詳細的KV格式見 db/memtable.cc / MemTable::Add():internal_key_size(varint) + internal_key(user_key+sequence+type) + value_size(varint) + value。對於上層來說其中的user_key可能還在真正的用戶數據末尾包含了timestamp。

WriteBatch層格式見 db/write_batch.cc / WriteBatchInternal::Put():tag(type) + cf_id(varint) + key_and_timestamp_size(varint) + key_data + timestamp + value_size(varint) + value_data。

注意當啓用TTL時,DBWithTTLImpl::Write()中顯示,timestamp是加到value後面的4字節,TTL的過濾見TtlCompactionFilter。

更多Put()內容見 DBImpl::WriteImpl() -> WriteBatchInternal::InsertInto() -> WriteBatch::Iterate() -> WriteBatchInternal::Iterate() -> MemTableInserter::PutCFImpl() -> MemTable::Add()。

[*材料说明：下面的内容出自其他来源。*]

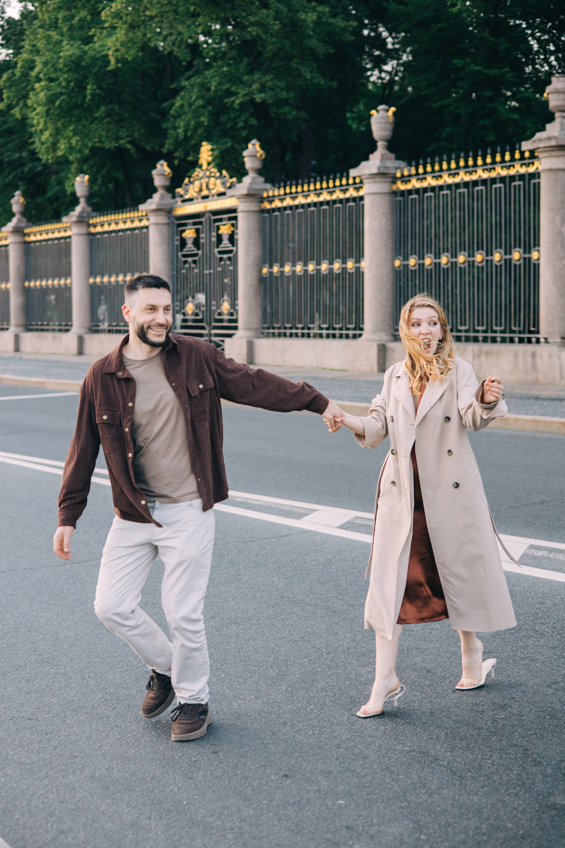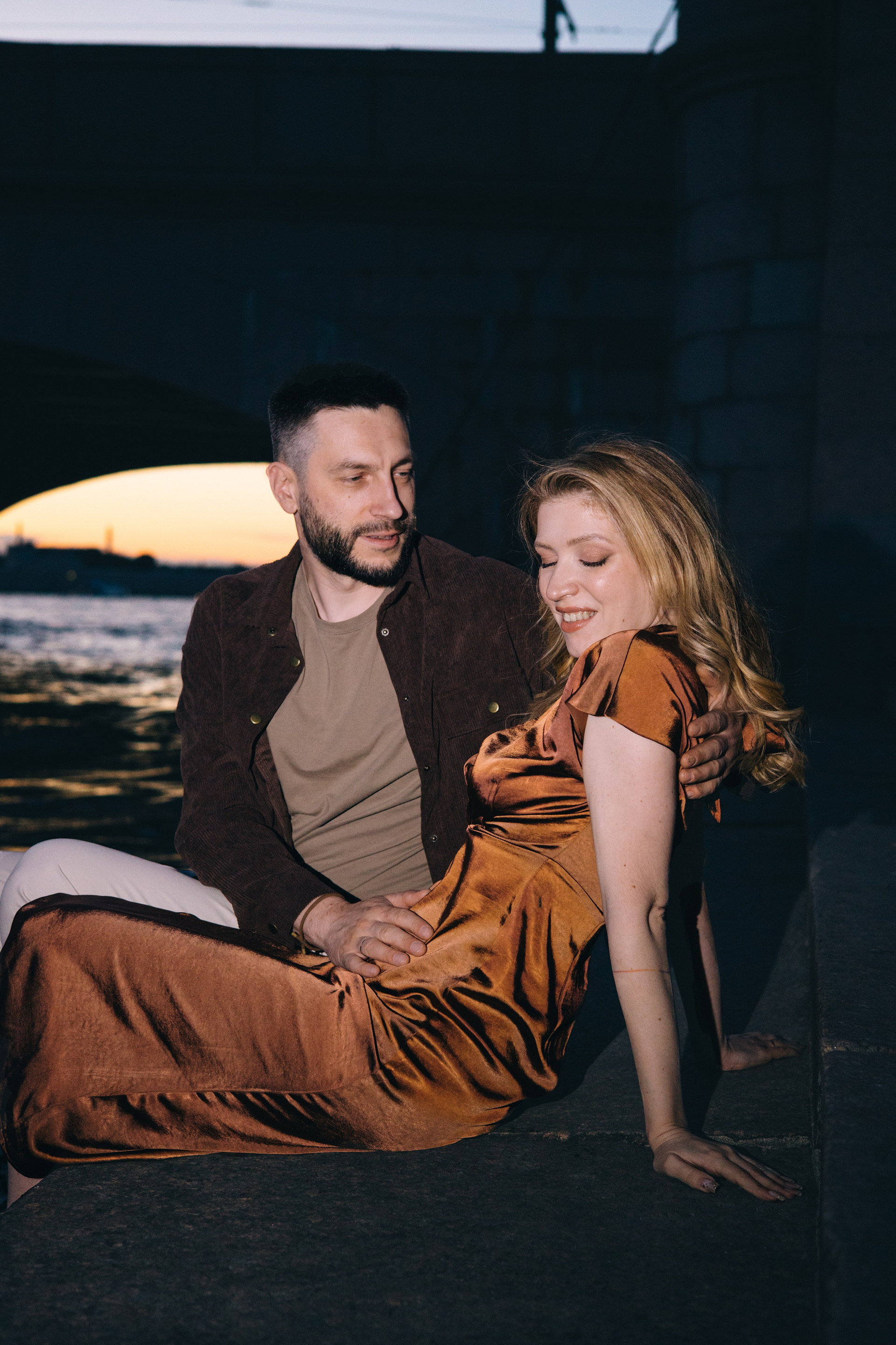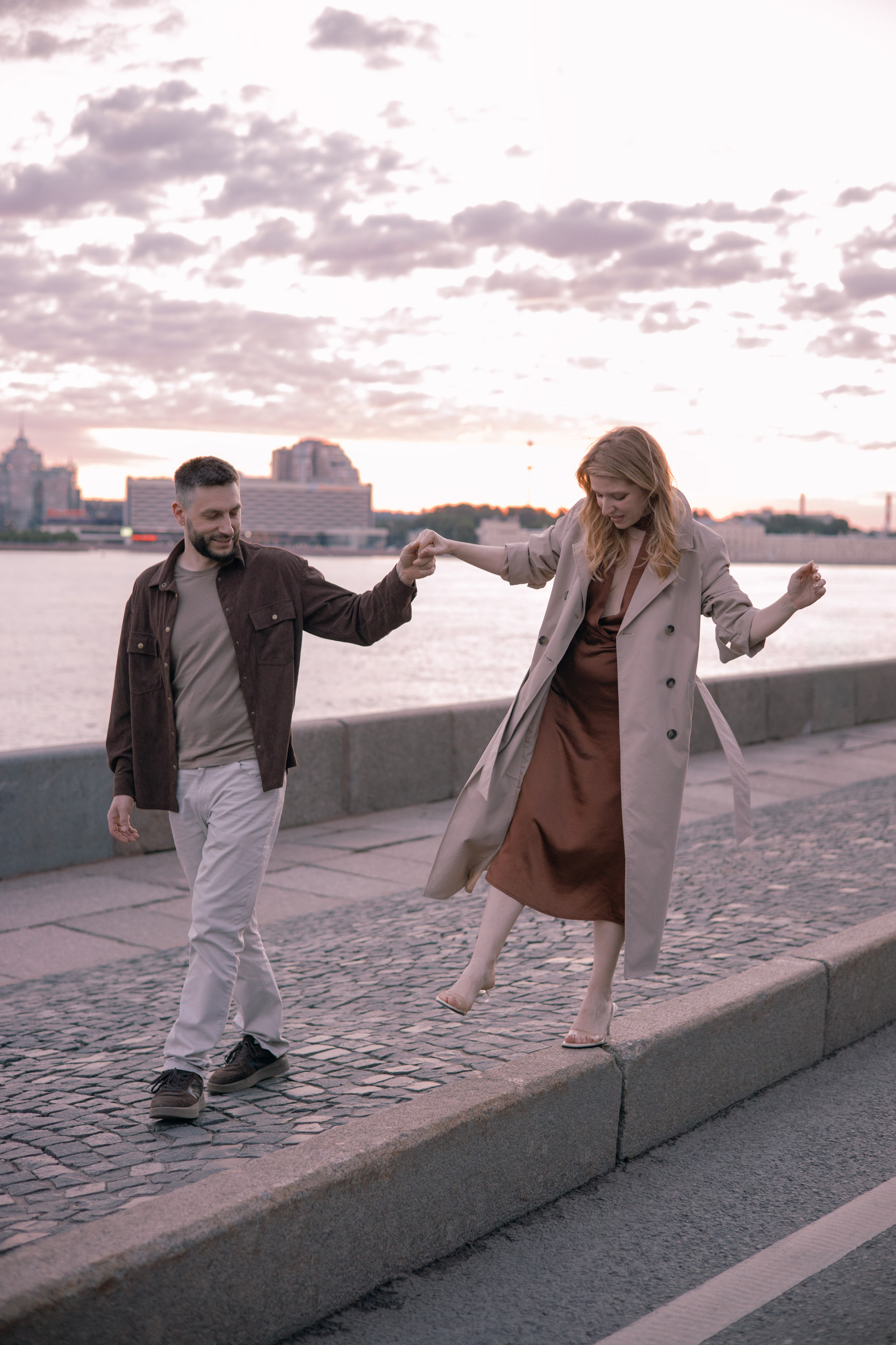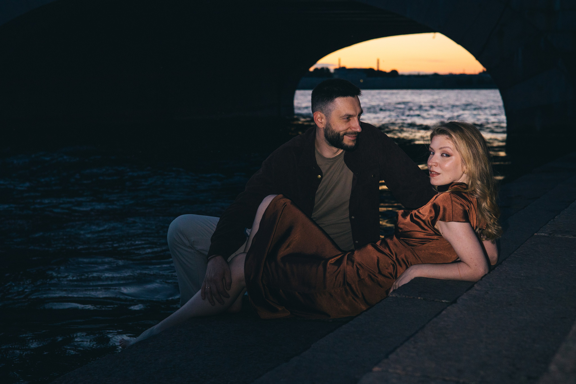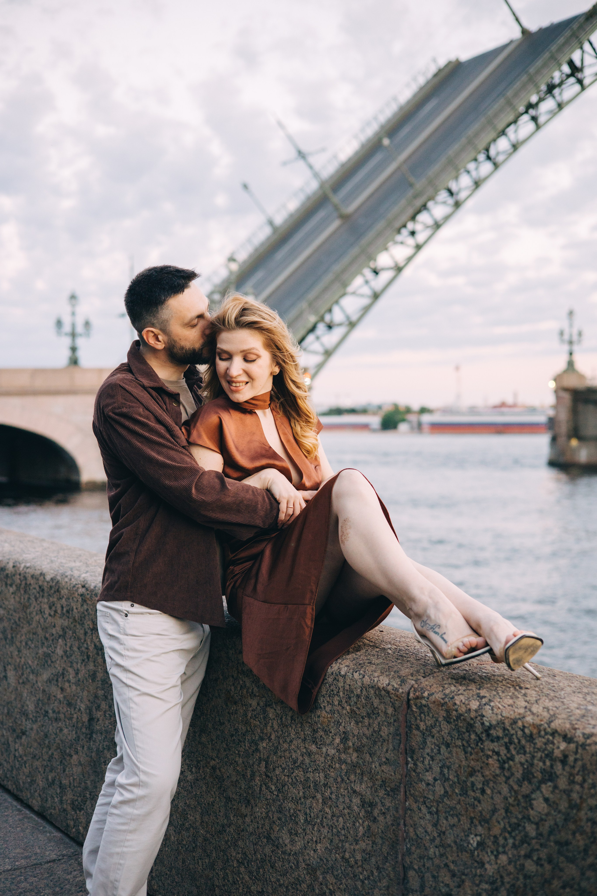 Ночная съемка на фоне мостов и других достопримечательностей в условиях пустого города.

MergingIterator是一個包羅萬象的迭代器,是InternalIterator的一種,下層的各種類型的子迭代器都被放在MergingIterator中,包括memtable、immutables、SSTs的InternalIterator,由一個vector集合持有,並通過最小堆minHeap來優化pick哪個字迭代器的KV。

重點代碼概覽:

  • 構建InternalIterator:DBImpl::NewInternalIterator(),代碼詳見末尾。
  • MergingIterator從子迭代器中選擇讀取下一個鍵值:MergingIterator::SeekToFirst() & Next(),代碼詳見末尾。
  • 迭代器解析數據方法:DBIter::FindNextUserEntryInternal(),代碼詳見末尾。

解答一下開頭的幾個問題:

問題1,Iterator、ColumnFamilyHandle 背後的是怎麼把 MemTable、ImmMemTable、Manifest、SST 等組織起來的?

從上面的分析看應該基本清楚了。

問題2,要查找某個 CF 中指定key範圍的值,如何定位到某個文件的某個位置?

從 ArenaWrappedDBIter::Seek(const Slice& target) 方法一直往下追即可,到 MergingIterator::Seek(const Slice& target) 時,對所有的子迭代器進行一次Seek,然後按key排序將子迭代器放入最小堆中,返回最小key的子迭代器,通過 ArenaWrappedDBIter::Next() 獲取下一個key時,將上次最小迭代器的值取走,接着依然返回最小key的子迭代器,如此循環往復直到上界。

那麼子迭代器的Seek是如何完成的?

  • 內存中的MemTableIterator的Seek,以SkipList表爲例,會通過SkipListRep::Iterator::Seek()找到SkipList對應的節點;
  • level 0 SST文件(可能有多個)的Seek,會通過BlockBasedTableIterator::Seek()/PlainTableIterator::Seek()找到,BlockBasedTable是SST的默認格式,BlockBasedTableIterator內部又通過SST的Block索引IndexIterator::Seek()來快速定位文件內部大致位置(哪個Block,一搬一個Block爲4K大小),最終在Block內通過BlockIter::Seek()以二分查找找到key對應的具體Entry;
  • level 1~n SST文件的Seek,則是每層有一個LevelIterator,對於一層的多個SST文件,其內容都是排好序的,LevelIterator::Seek()先找到key對應的該層文件,並返回某個SST文件的BlockBasedTableIterator,再調用BlockBasedTableIterator::Seek(),接下來流程與上述level 0中分析類似;

問題3,Iterator 的生命週期如何管理?在 CF close 之後 Iterator 如何保持依舊可用而不被釋放?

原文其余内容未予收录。